6.25.2010

Infinito fim


Toranja, Fim

A mercearia de bairro encerrou [ou faz, talvez, uma pausa prolongada].
A todos o meu sincero obrigado e até um destes dias [por aqui ou, algures, por aí...]

6.24.2010

Assim é a poesia

Não sei onde acordei, a luz perde-se ao fundo do corredor, longo, longo, com quartos dos dois lados, um deles é o teu, demoro muito a chegar lá, os meus passos são de menino, mas os teus olhos esperam-me com tanto amor, tanto que corres ao meu encontro com medo de tropeçar no ar - ò musicalíssima.

Eugénio de Andrade

6.23.2010

Tatuagem de sol

Há cabelos teus e silêncios, espalhados pela casa. Brilhos moídos das searas que deixaste ligadas por pontes e marés, que sussuram o teu nome na pele, como um sol, tatuado nos meus dias.

6.22.2010

Au revoir

Irlandeses, esperam a equipa de futebol Francesa, em Charles de Gaule, para perguntarem com a devida solidariedade: Vai uma "mãozinha"?

6.21.2010

Ternura amarrotada

Desvio dos teus ombros o lençol,
que é feito de ternura amarrotada,
da frescura que vem depois do sol,
quando depois do sol não vem mais nada...

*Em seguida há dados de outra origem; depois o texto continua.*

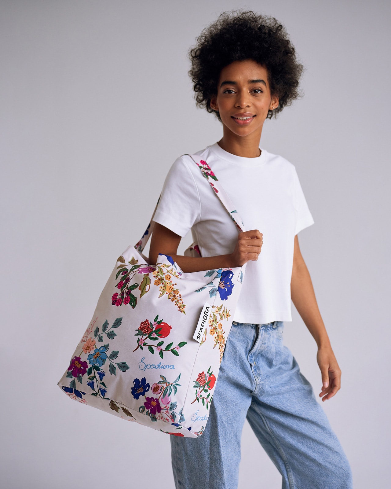 Torba w jednym z naszych kultowych wzorów to coś co musisz mieć w swojej kolekcji. Jest niesamowicie pojemna i uniwersalna. Możesz traktować ją jako codzienną torebkę lub dodatkową siatkę na zakupy czy rzeczy, które nosisz codziennie do pracy. Zastąpi Twoją ulubioną torbę na weekendowe wyjazdy lub sprawdzi się jako torba do dziecięcego wózka. Dwa rodzaje rączek pozwalają na dowolne jej noszenie - na ramieniu lub w dłoni. Metka z wyraźnym logo marki dodaje uroku.
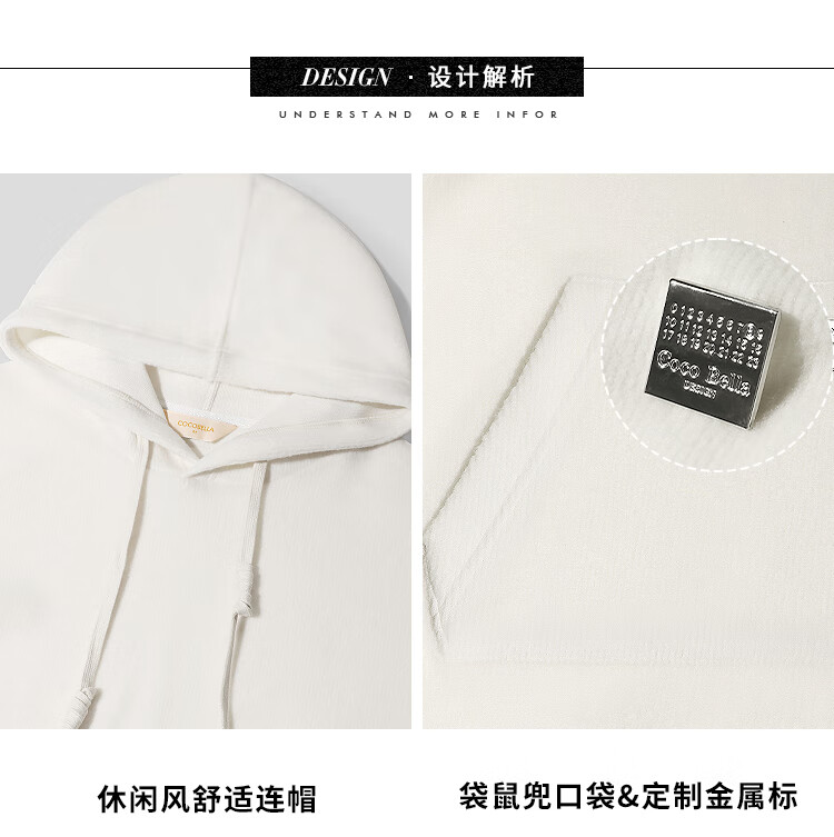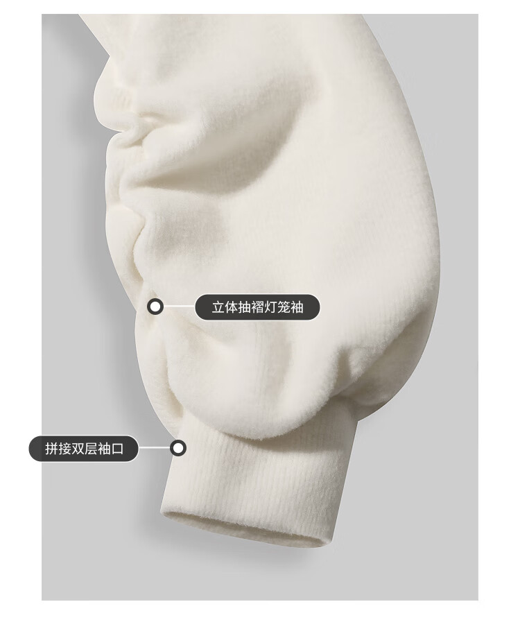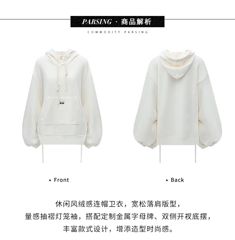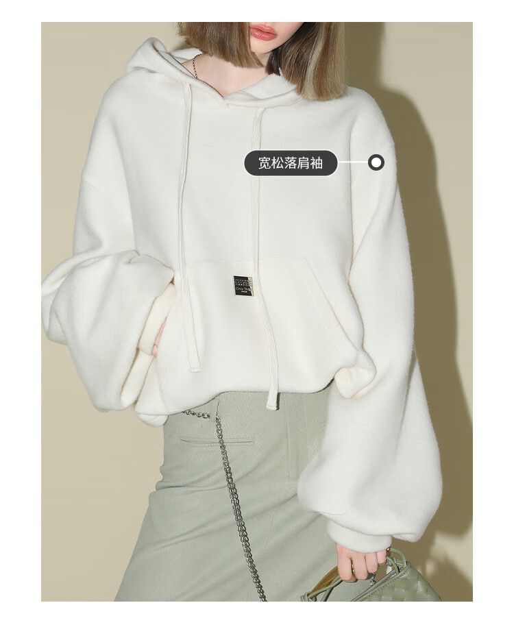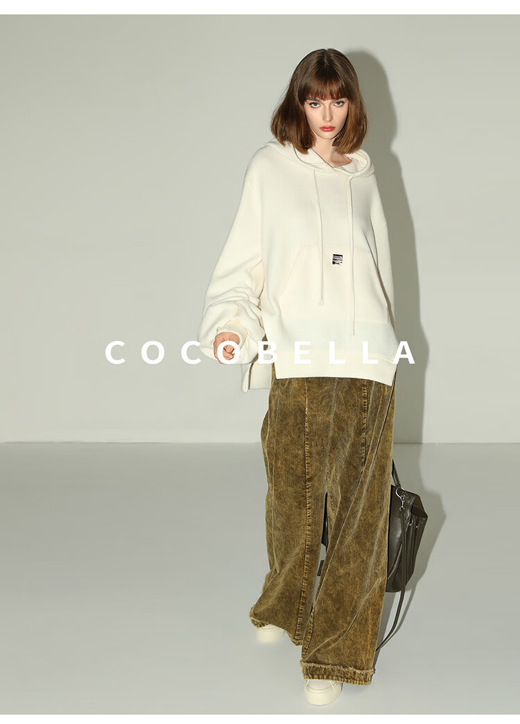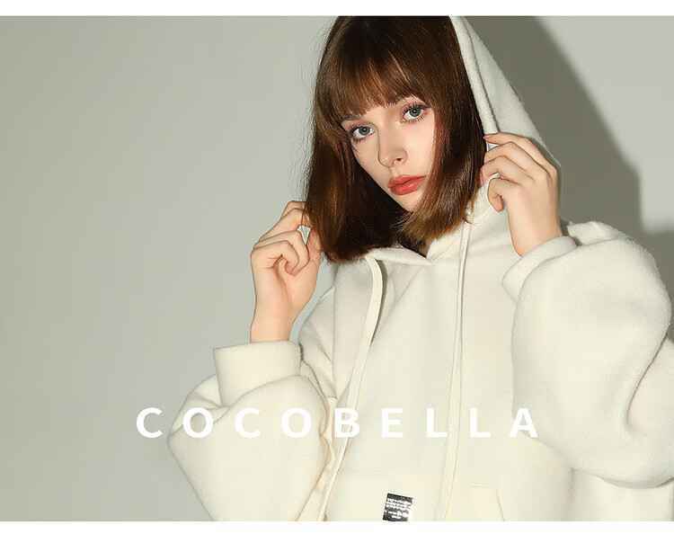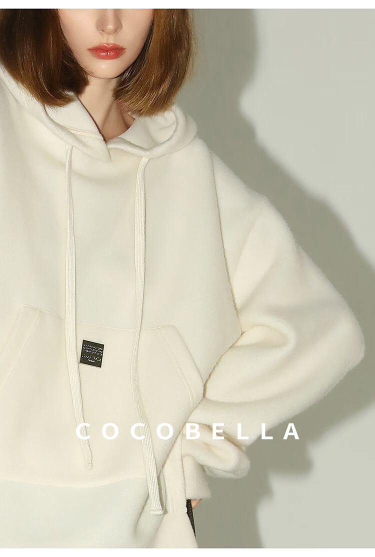 COCOBELLA软糯绒感灯笼袖卫衣女宽松休闲开叉针织帽衫SE0001B

Olho a roupa no chão: que tempestade!
Há restos de ternura pelo meio,
como vultos perdidos na cidade
onde uma tempestade sobreveio...

Começas a vestir-te, lentamente,
e é ternura também que vou vestindo,
para enfrentar lá fora aquela gente
que da nossa ternura anda sorrindo...

Mas ninguém sonha a pressa com que nós
a despimos assim que estamos sós!

David Mourão-Ferreira

6.20.2010

Saudades

Entram devagar, sem avisar - as tuas saudades. Descem com os pés frios e põem a perna sobre o meu corpo. Prendem-no, embalam-no, abraçam-me. Instalam-se, a pentear cabelos e a navegar no meu rosto, num silêncio nocturno.

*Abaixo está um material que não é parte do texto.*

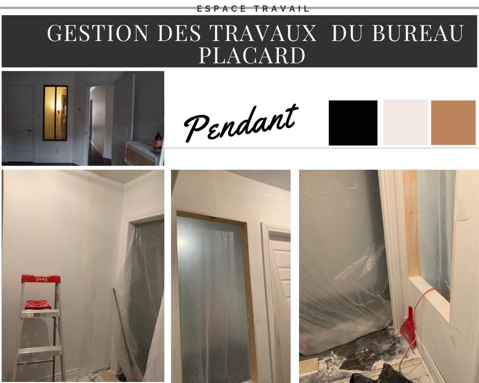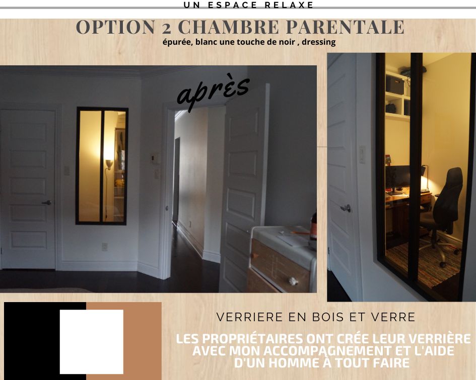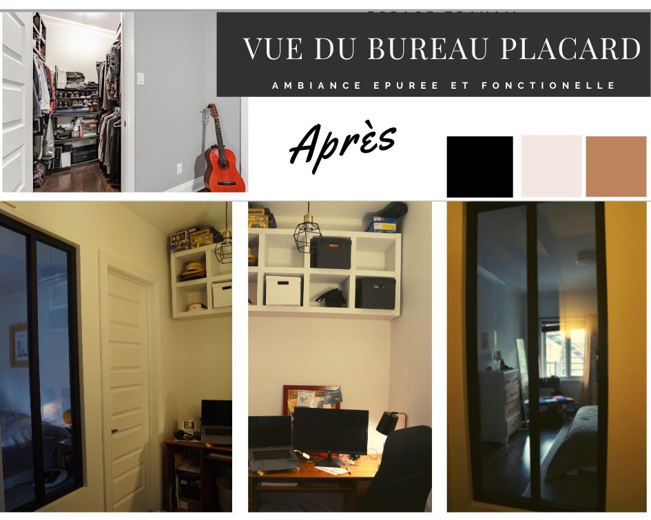 Voici un exemple de projet all in avec planches d’inspirations, plans en 2D,3D et un accompagnement lors de réalisation des travaux. La mission était d’adapter un condo avec deux espace de travail distinct donc un bureau isoler du reste de la maison, le dressing devient un bureau de travail, la lumière est apporter par une verrière fait maison.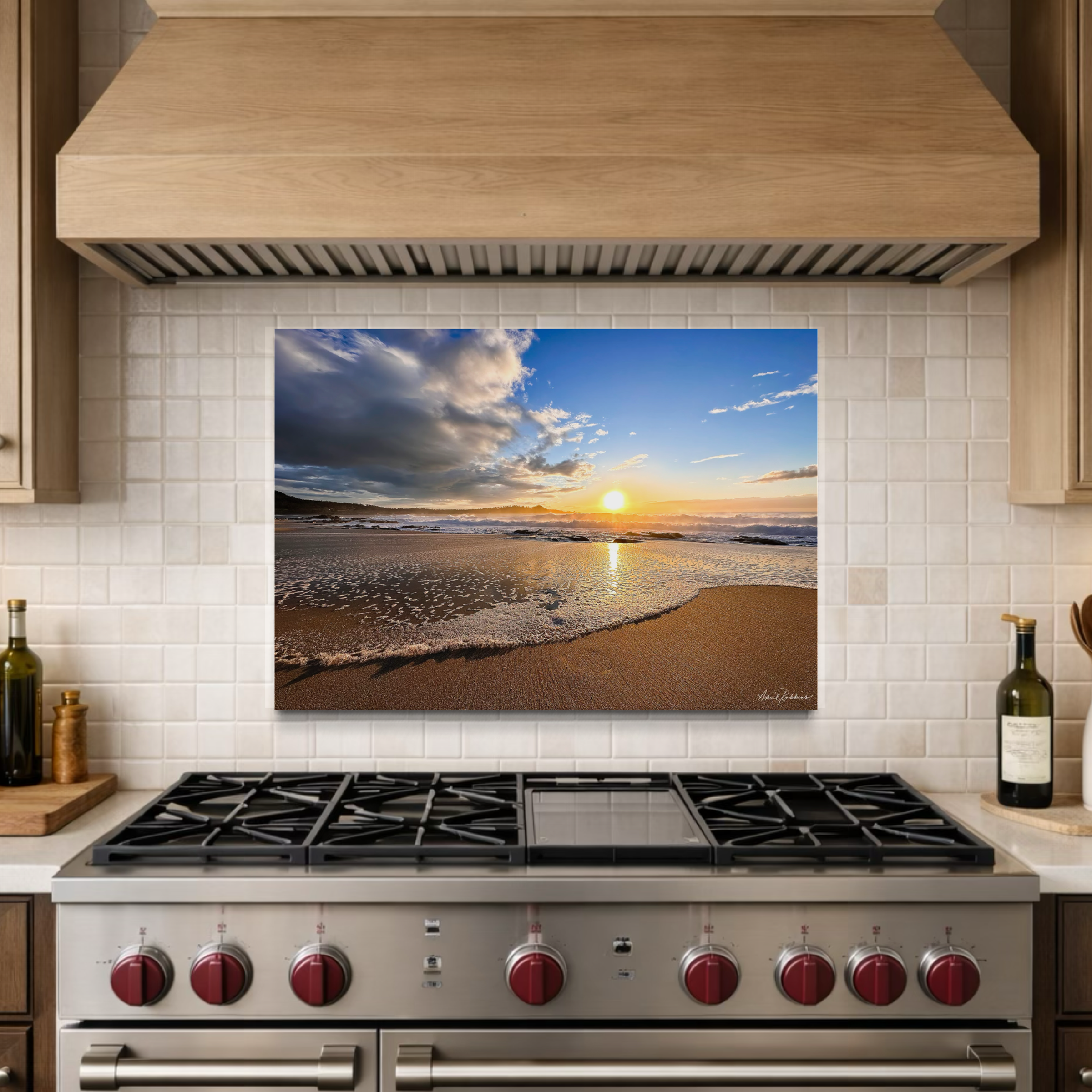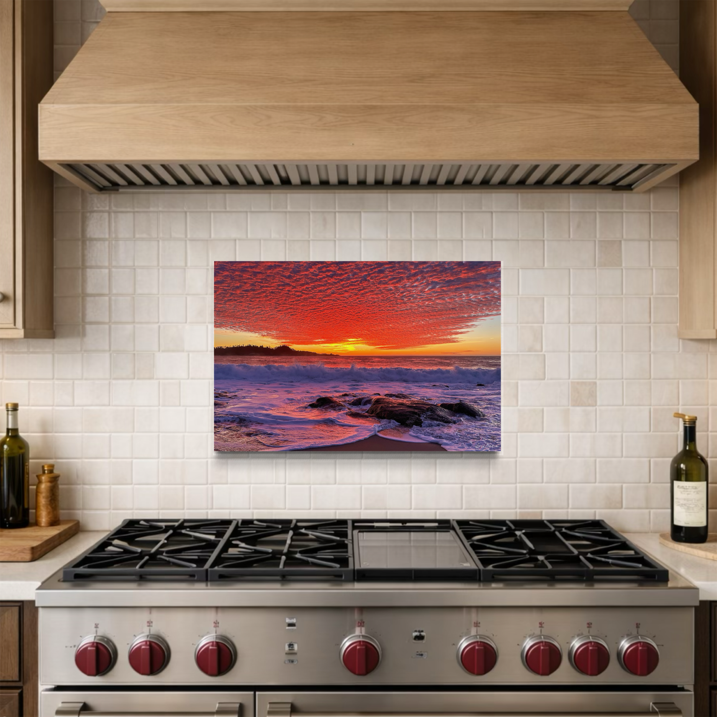 Measure with and height of the backsplash or wall area. Select the size that feels most visually balanced within the space. Allow for a minimum 2" clearance between the mosaic and the hood above the stove.

Duas luas de jade irrompem magnéticas do escuro, dançam como o mar e misturam-se nos meus olhos. Inundam-nos do teu sorriso, do teu calor e dão-lhes as mãos. Resgatam-nos para outro tempo, para outro lugar - coordenadas mágicas que fizemos só nossas.

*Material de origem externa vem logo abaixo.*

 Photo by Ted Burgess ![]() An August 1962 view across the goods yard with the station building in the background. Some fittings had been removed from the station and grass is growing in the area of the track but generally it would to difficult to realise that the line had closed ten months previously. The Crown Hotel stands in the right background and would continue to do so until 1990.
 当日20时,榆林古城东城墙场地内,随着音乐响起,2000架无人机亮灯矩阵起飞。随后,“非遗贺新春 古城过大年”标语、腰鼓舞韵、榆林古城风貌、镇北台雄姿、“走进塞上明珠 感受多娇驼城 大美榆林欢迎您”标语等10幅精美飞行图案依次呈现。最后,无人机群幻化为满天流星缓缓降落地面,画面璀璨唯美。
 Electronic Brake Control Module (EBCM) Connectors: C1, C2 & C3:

Os teus lábios desabotoam, com pressa, as roupas espalhadas, preservando o calor, na calma das conversas infinitas, que se prolongam até a noite nos sussurrar o sono entrelaçado.

Entram devagar, sem avisar - as tuas saudades - e estão aqui comigo. Tu comigo, aqui, agora.

6.18.2010

Esquinas de mar

Escolhe-se uma varanda, acende-se um cigarro e levita-se para lá das nuvens, para lá da lua, mergulha-se para lá do tempo, para lá de nós. O mundo parece tão pequeno, insuficiente, as perspectivas transforma-se e fica-se mais leve, mais lesto, mais ausente. Vê-se a vida em câmara lenta. Recordam-se cheiros e imagens, fragmentos guardados e esquecidos, alguns que passaram despercebidos, outros sempre presentes, apenas à espera de um braço para os puxar. Tudo noutra velocidade, noutro tempo. Um oceano infinito inunda-nos e deixamo-nos viajar em movimentos de anémonas. O próximo parece longe, o distante uma sombra das nossas vontades, ainda imóveis, por descobrir. O mar também tem esquinas, mas sempre será vasto e cantará ao ouvido os seus caminhos.

6.17.2010

Stop for a minute


Kean feat K'Naan, Stop for a minute



[ And if I stop for a minute
I think about things I really don't wanna know
And I'm the first to admit it
Without you I'm a liner stranded in an ice floe ]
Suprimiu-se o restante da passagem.